Imaginary Girls(23)
Because girls can’t come back to life. Not here and not anywhere. Any second now we’d see—
Pete was a breath away from me now, his clammy hand grabbing on to my knee. He gave an awkward shake to my knee and said, “Seriously, kid, you all right?”
“You’re asking for it, Pete,” said a voice. A girl’s voice. As she stepped toward us, the light from the fire made more stripes blaze up all over her skin. “You know that’s Ruby’s sister, right?” London said. Then she added, “So how’s it going, Chloe?”
I didn’t answer. When a dead girl says your name it’s shocking. A brick thrown at you, a brick through your bedroom window.
The light was behind her, hiding her face. “You need some help getting up?” she asked. She put an arm out, dangling one of her two hands before my face. The hand was so close, I could see all five fingernails. Even in the dark I could see them.
She locked her eyes on mine. (The whites of her eyes staring up at the half moon.)
She cracked a smile. (Her lips drained of color.)
I looked away. “Don’t touch me,” I heard myself say. “I’m fine.”
“You don’t look fine,” she said.
And you don’t look dead, I didn’t say.
“Just let her help you,” Pete said. So he could see and hear her, too.
The hand was still there, the fingers waggling. Her nails were painted a few different colors. Three were black, as they would be if left to rot in the ground. But three were magenta. Others were yellow. It was all so random.
I grabbed the hand. Her warm, living hand. It grabbed mine back. As it did a hiss of vapor didn’t pass through my flesh to reveal I’d grabbed on to nothing; I didn’t fall facefirst into gravel and lie there spitting up rocks. I was definitely touching something. And this something used its weight to get me up.
She was no ghost. She could be seen by others. She could be touched; she spoke full sentences; her breath reeked, but not with maggots, with plain bad beer. There was no smoke, no mirrors. If Ruby had made this happen, it was really and truly happening, not just to me but to every single person here.

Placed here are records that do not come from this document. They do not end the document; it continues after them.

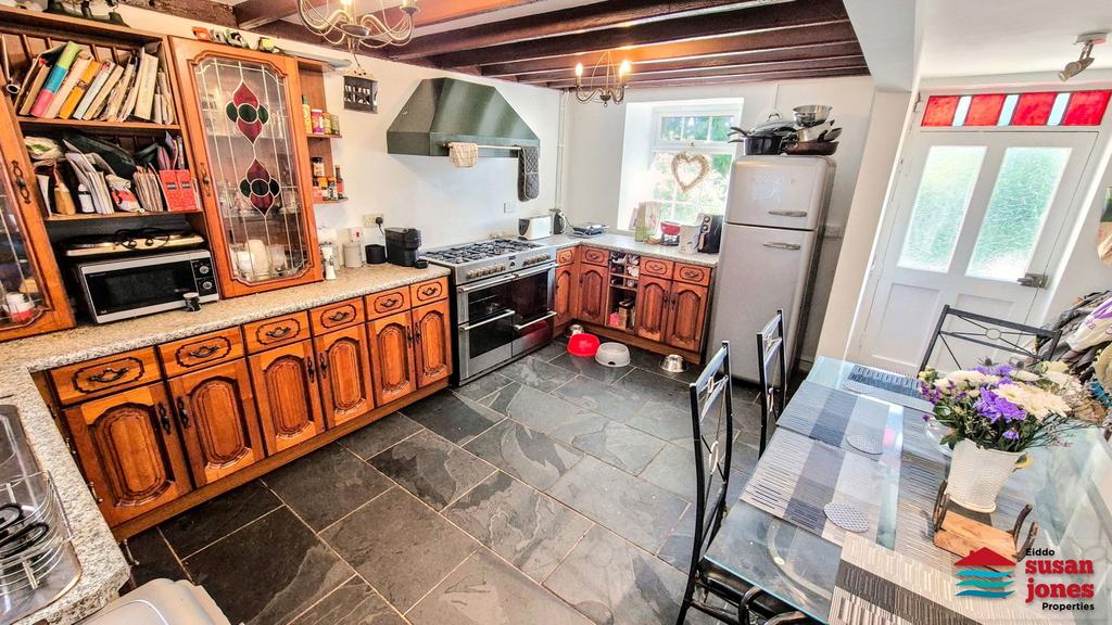 - Lolfa, cegin, ystafell fwyta, iwtility a 2 ymolchfa
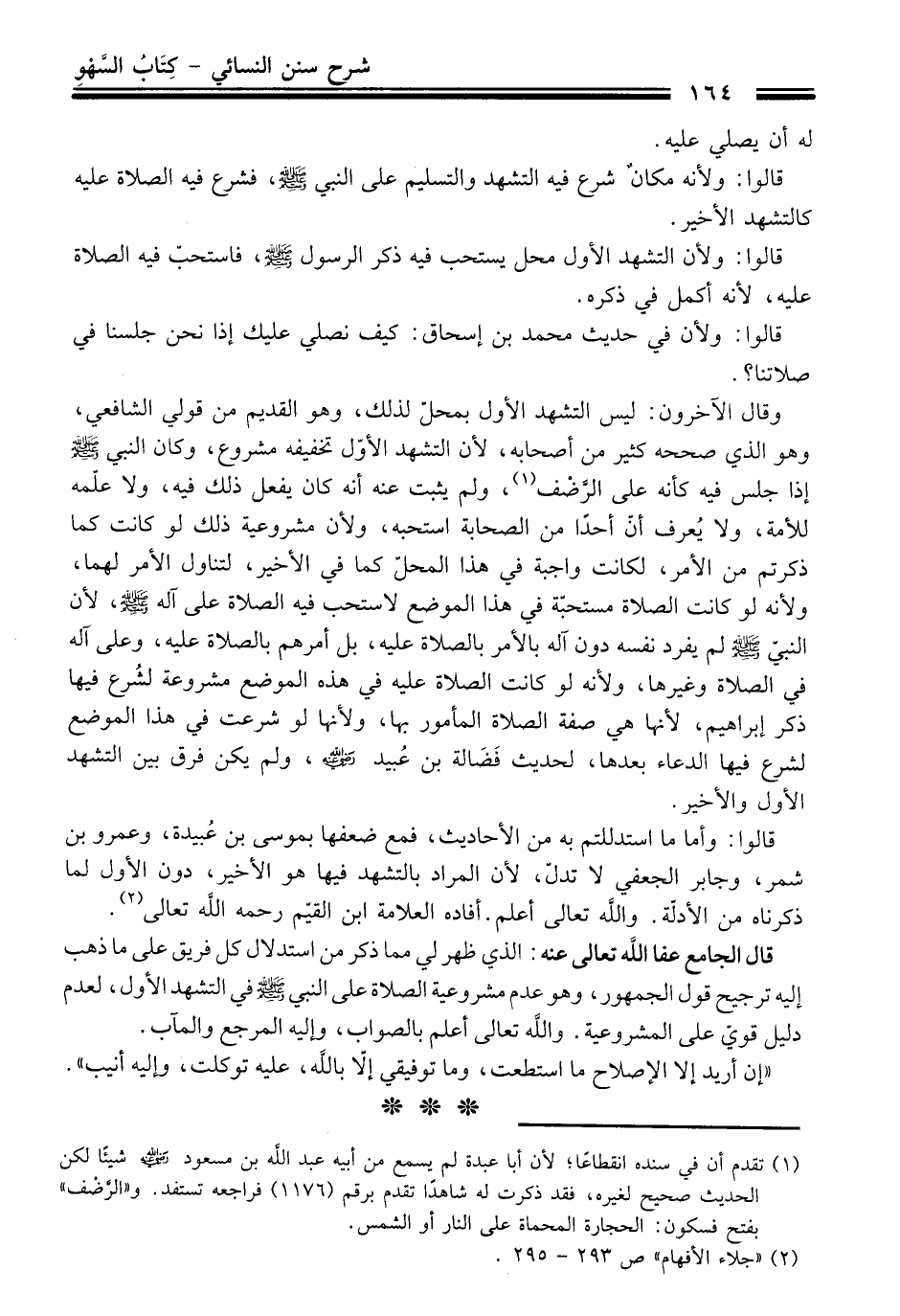 قالوا: وأما ما استدللتم به من الأحاديث، فمع ضعفها بموسى بن عُبيدة، وعمرو بن شمر، وجابر الجعفي لا تدلّ، لأن المراد بالتشهد فيها هو الأخير، دون الأول لما ذكرناه من الأدلّة. والله تعالى أعلم. أفاده العلامة ابن القيّم رحمه الله تعالى (¬2).
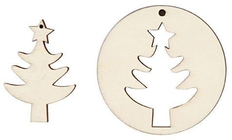 Hangende decoratie boom 2-in-1 triplex Ø 7 cm. Het is een ronde schijf van licht hout (triplex) van 4 mm dik met een losse binnenstuk in een Kerstthema, donkere rand en een oog om op te hangen. Te bewerken met Foam Clay, verf, mozaïek, decoupage enz.
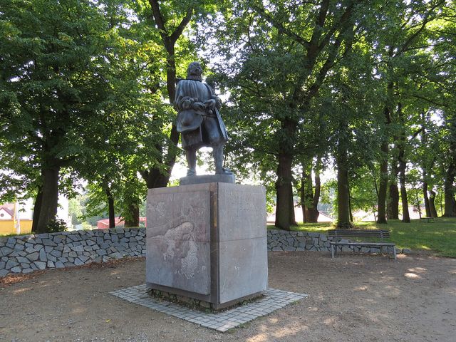nebo snad sochu geniálního stavitele rožmberských rybníků Jakuba Krčína z Jelčan a Sedlčan (1535–1604), který dostavěl rybník Svět v roce 1574.
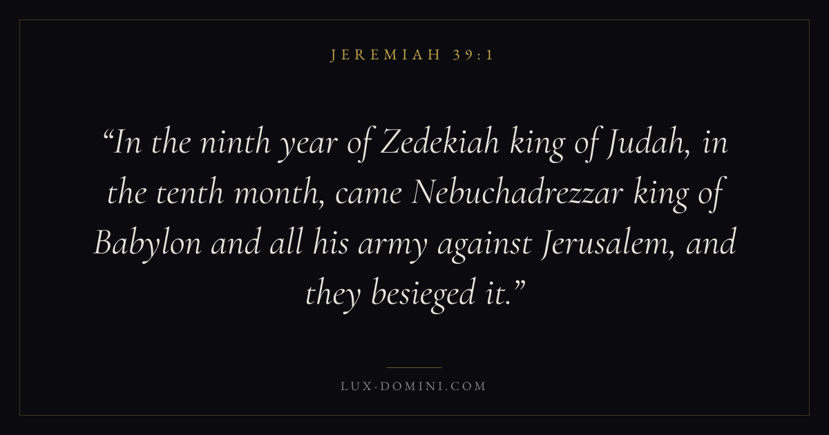 In the ninth year of Zedekiah king of Judah, in the tenth month, came Nebuchadrezzar king of Babylon and all his army against Jerusalem, and they besieged it.
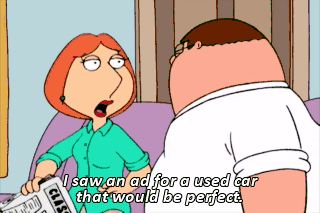 I saw an ad for a used car that would be perfect. Oh, No, Lois. A guy at work bought a car out of the paper. Ten years later, bam! Herpes. I'm buying our car from a dealer, and that's that.
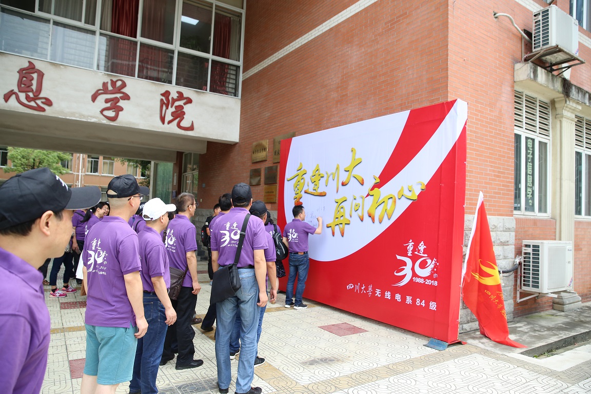 精心准备的签名墙前,看到“重逢川大,再问初心”八个大字,校友们感慨不已,纷纷上前签名留念。
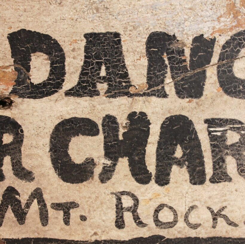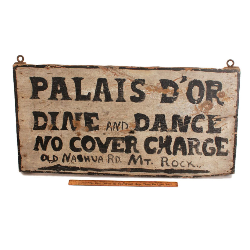 Hand-painted wooden advertising for the “Palais d’Or” — apparently a rural New Hampshire nightclub — c. 1920s. Appearing to date to the Prohibition era, it seems likely that this backwoods Palais of Gold likely offered more than dinner and dancing. Perhaps it was the smuggled Candadian whiskey that lured customers down Old Nashua Road to Mt. Rock? The sign is by the brush of an amateur painter, which only enhances the classy mystique of that now long-shuttered Palace of Gold.
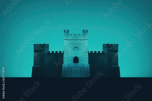 Obraz premium Teal and Blue Castle Minimalism in a negative artistic space. Visual abstract metaphor. Geometric shapes with gradients.
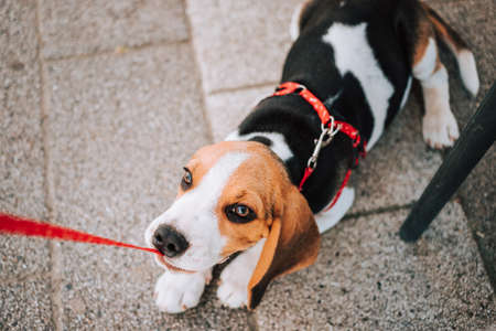 Young Beagle puppy playing with his red leash on concrete tiles.
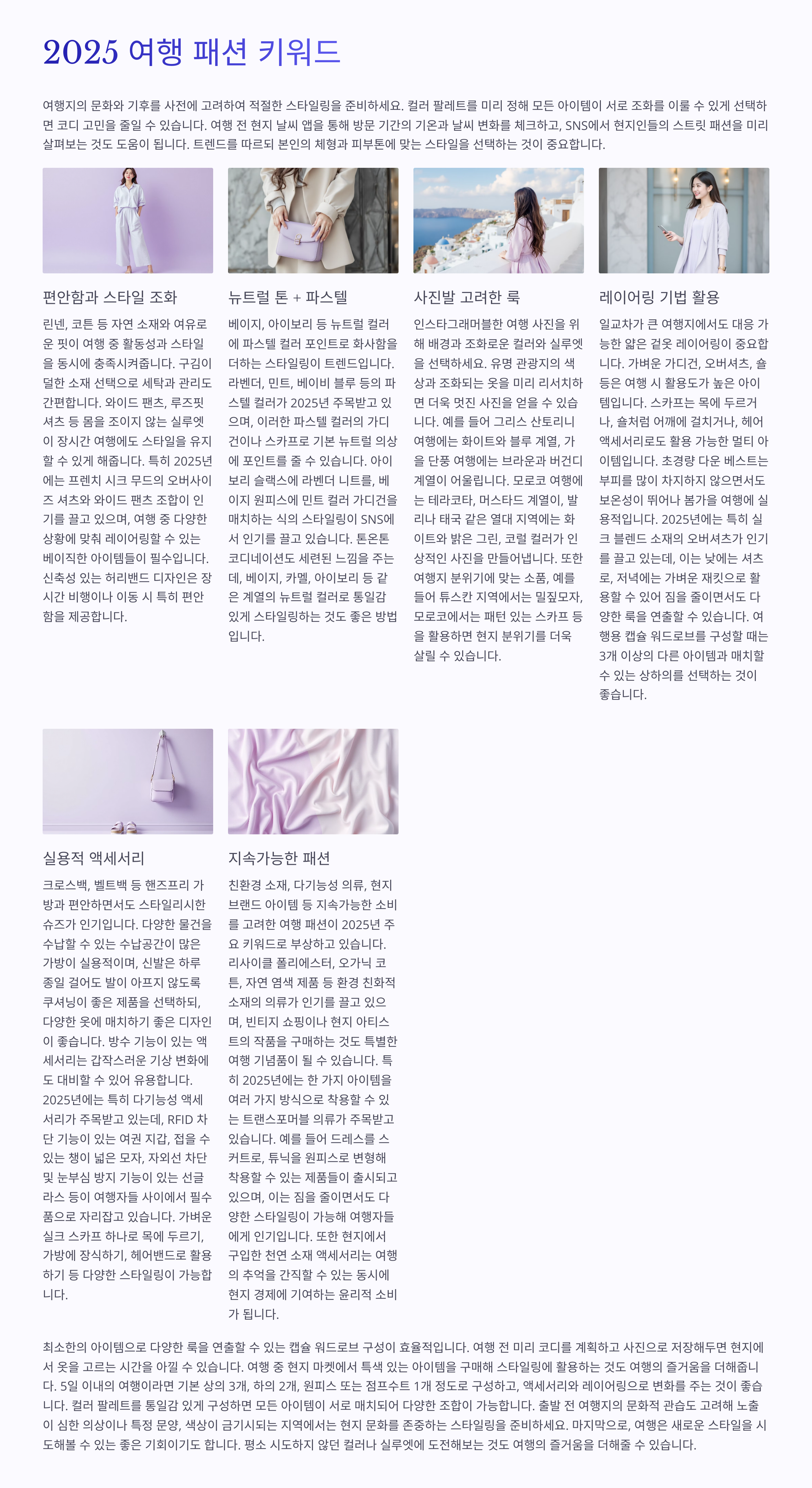 2025년 여행지에서 가장 많이 보일 패션은 '편안함과 스타일의 조화'예요.
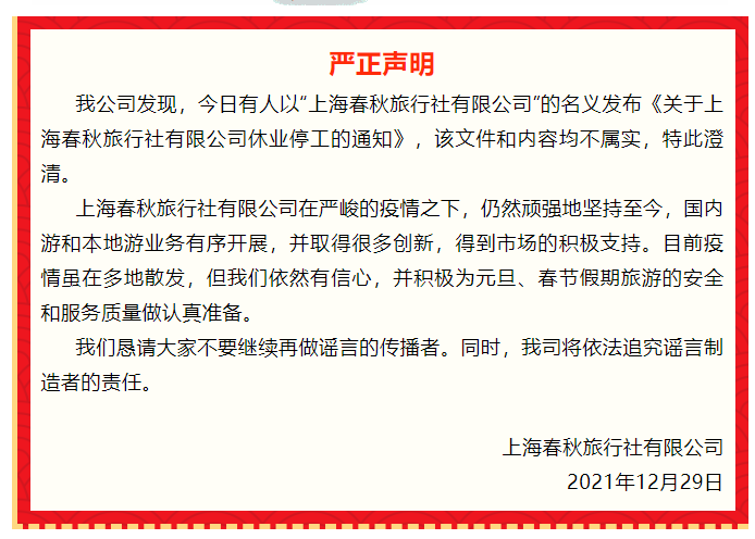 春秋旅游12月29日发布声明,公司发现,有人以“上海春秋旅行社有限公司”的名义发布《关于上海春秋旅行社有限公司休业停工的通知》,该文件和内容均不属实,特此澄清。
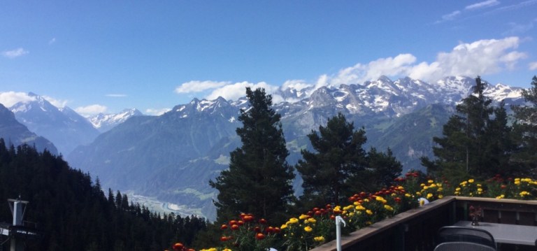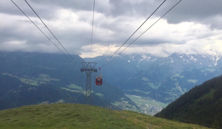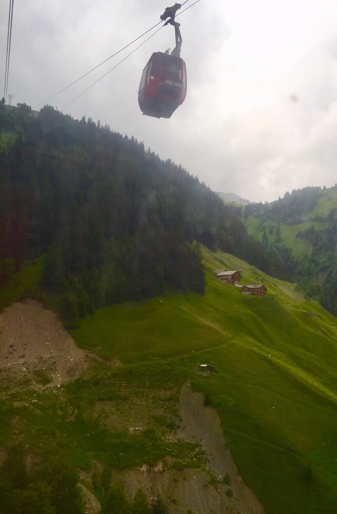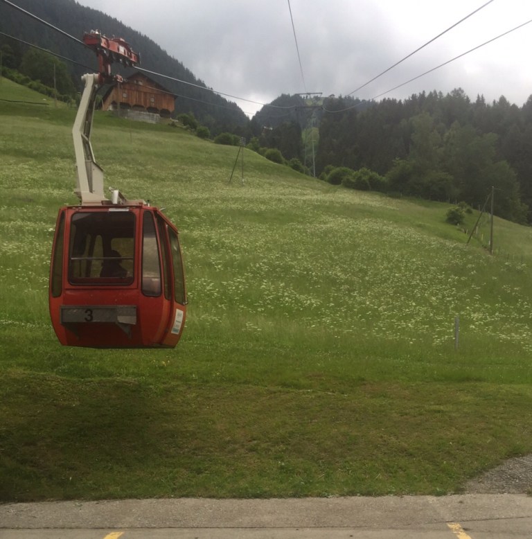 Ein paar Minuten nach mir kommt auch meine Schwester Madeleine an. Gemeinsam laufen wir die paar Meter zur kleinen Luftseilbahn, die uns kurz nach 10 Uhr
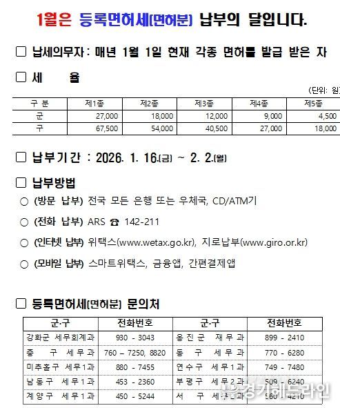 [경기헤드라인=문수철 기자] 인천광역시는 2026년 정기분 등록면허세(면허분) 396,262건, 총128억 원을 부과·고지했다고 밝혔다.
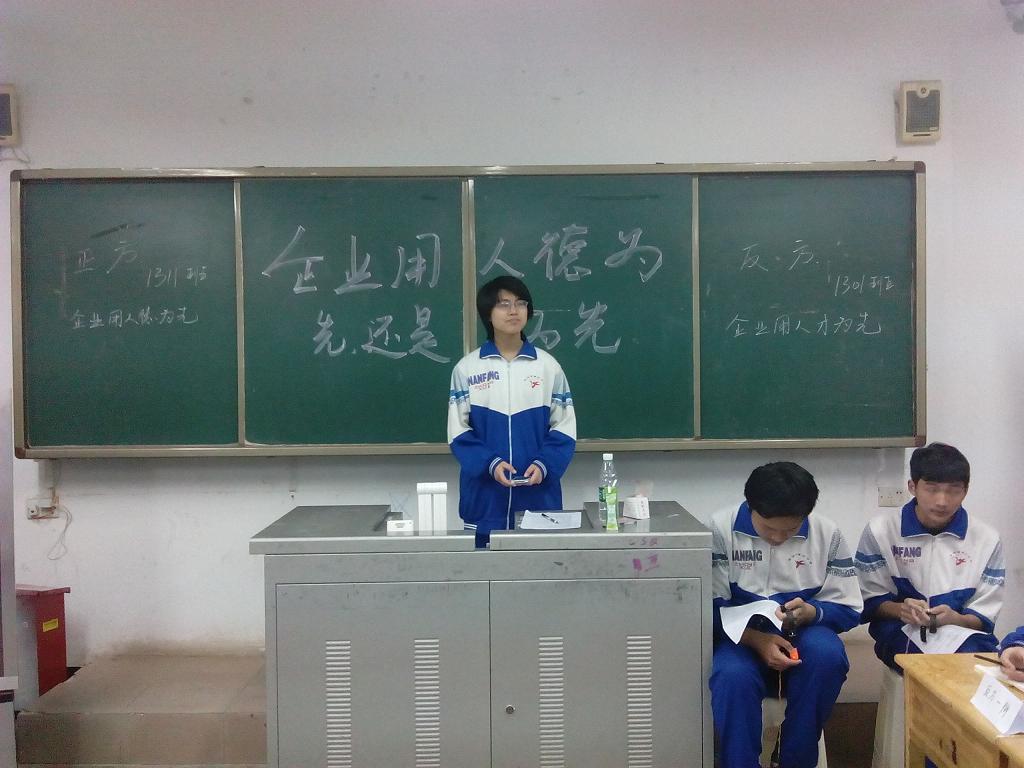 赛前,各班辩手利用一切可以利用的时间,通过各种渠道收集资料,做足了比赛的准备。赛中,各班的四位辩手信心满满。他们语言流畅,分析角度中肯,反驳能力强,风度端庄,表情自然有幽默感。他们始终团结一致,默契配合。辩手们的精彩表现博得了评委和观众的阵阵掌声!
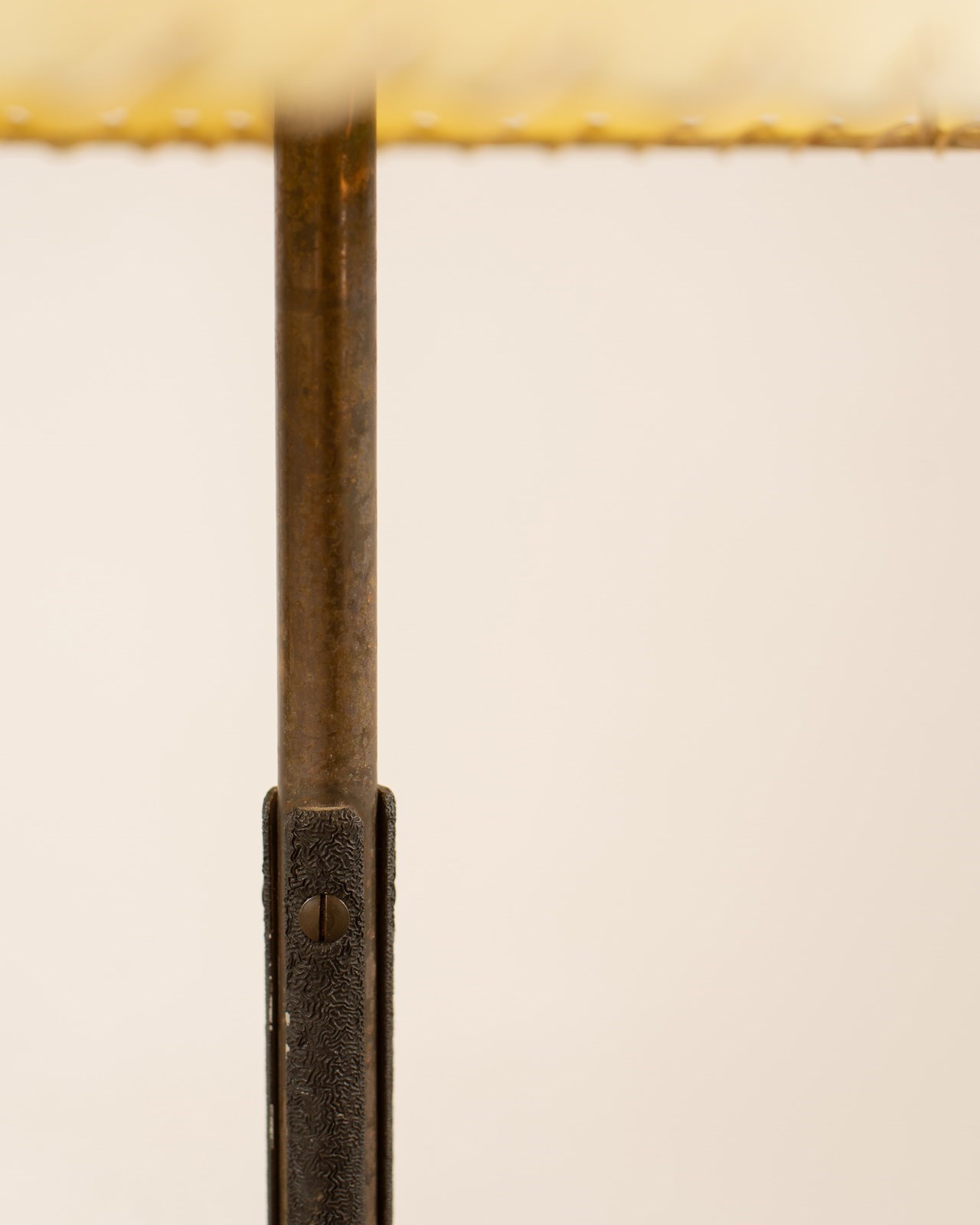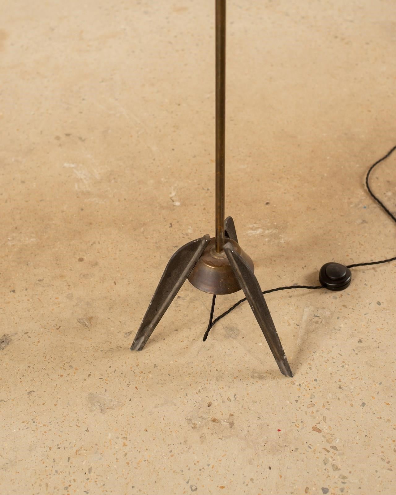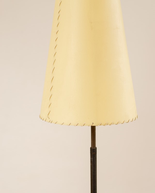 A rare 1950's Italian floor lamp with its original shade intact. The metal lamp sits on top of black cast iron tripod feet with a textured metal grip to the centre of the lamp pole. The velum shade has a whip stitched edge and is in excellent condition. This piece has been professionally re-wired and pat tested.
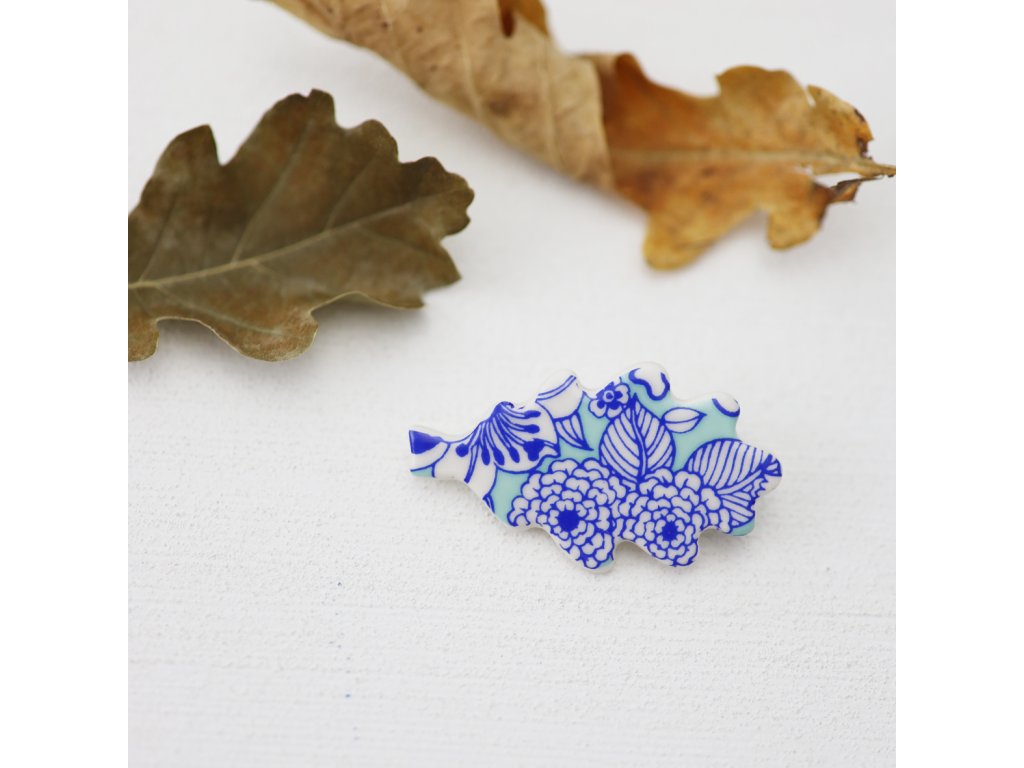 Čím zpestřit kabát či svetřík? Originální porcelánová brož ve tvaru dubového lísku dokáže divy. Překrásný dekor stylizovaných květů a lístků nese barvy, které mají šťávu a energii. Ozvláštněte svou bundu, kabát, sáčko nebo svetr či halenku. Tato brož určená pro každodenní nošení je jako pohádka z říše fantazie a své kouzlo přenechá i vám...

Ruby reappeared once I got to my feet. She was there for me to lean on, there as if she’d been at my side all along and always would be. The wind played with her hair, making it sway over her bare shoulders. Her lips were painted her color—without a smudge. Her eyes borrowed stars from the sky, or seemed to. Even the fireflies came to lend her their glow, blinking sweet nothings all around her.
I wasn’t the only one staring.
“Hey there,” Pete said.
“Hi, Ruby,” London said meekly, eyes flicking to me as if she didn’t think she’d be allowed to tell my sister hi.
Ruby ignored them both. “That took forever,” she said. “I’m so sorry, Chlo.” She held out a water bottle for me and watched carefully as I twisted off the cap and took a long swallow.
When I was done, Ruby grabbed my hand in hers, so everyone could see. Then she asked, projecting as if she were wearing a wire hidden inside her dress, “London, how are you? My sister was wondering. Tell her. Tell her how you are.”
I was? But I was. Ruby knew I was wondering that and way more.
London gave Ruby an odd look. Then she turned the same look on me, seeing as I could have asked her how she was myself, and said, “I’m fine, thanks.” Her words wavered, like she wasn’t sure. Like Ruby could say no, she wasn’t fine, and then she’d have to change her answer.
“See?” my sister said to me. To London, her voice shifted and she said, “What are you doing over here with Chloe? What happened to the keg?”
“It’s empty,” London said.
“Damn,” Pete could be heard muttering behind us.
London was shifting from foot to foot. “I should go back to the fire,” she said, taking a step toward her friends.
“Should you?” Ruby asked this question with great concentration. Her gaze needled into two thin points, aimed with precision at London.
I saw the stabs. Saw how London flinched and then in one last-ditch effort to defend herself squeaked out, “I told them I’d be right back.”
“You did?” Ruby said. She had control of the conversation, tossing it high, bouncing it back and forth between her palms.
London’s forehead creased up. She put a hand to her head, thinking. The fireflies seemed drunk, glowing haphazardly in downward spirals toward the ground.